I’d say yes it does. And it’s not what you might think of branding.

I don’t particularly care about the provenance of your pasta right now, or the bakery that makes your bread, or the farms producing your sausages.

That mattered in the old world.

We are now in a world where we consider ourselves fortunate if we have a choice of one. There is no point going to Waitrose with the ingredients for Ottolenghi meatballs because, once you’ve queued to get into the store, many of the ingredients simply won’t be there.

I’m not just talking supermarkets and food.

The new behaviour extends to sportswear, banks, car manufacturers, airlines – it involves everyone.

For a few years now, how brands act has risen in importance to consumers – it’s what they do rather than what they say that matters.

As an industry, it has often been difficult to see which brands are genuinely behaving in an enlightened and humane way towards people and the planet, or which are happy to execute a quick publicity stunt for an agency to enter into Cannes for a spot of personal glory.

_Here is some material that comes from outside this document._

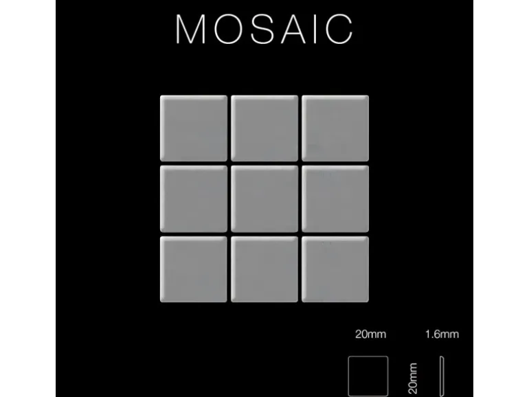 Mosaiksteingröße(mm) 20×20, Mattengröße(mm) 322x322x1,6, Mosaiksteine pro Matte(Stk) 225

But today, in a time of crisis, everyone is not only looking at how brands behave, history will judge them.

Some banks were fast to offer mortgage holidays. Others dawdled and created huge anxiety for trapped customers with no foreseeable income to pay off their loans.

Iceland were the first supermarket to open an hour early for older and more vulnerable shoppers.

Zara is making face masks.

Louis Vuitton is producing hand sanitizer instead of perfume.

It’s not enough any more to write snappy headlines telling us to stay in.

That’s called being opportunistic.

Cashing in on the virus to talk about yourself.

Actually rolling their sleeves up and helping the world is what we want and expect our brands to do now.

To quote Gladiator, what we do in life echoes in eternity.

Consumers have long memories, and those brands which forget for a moment that they need to sell stuff and who act with humanity and compassion are the ones that will reap the dividends when all this is over.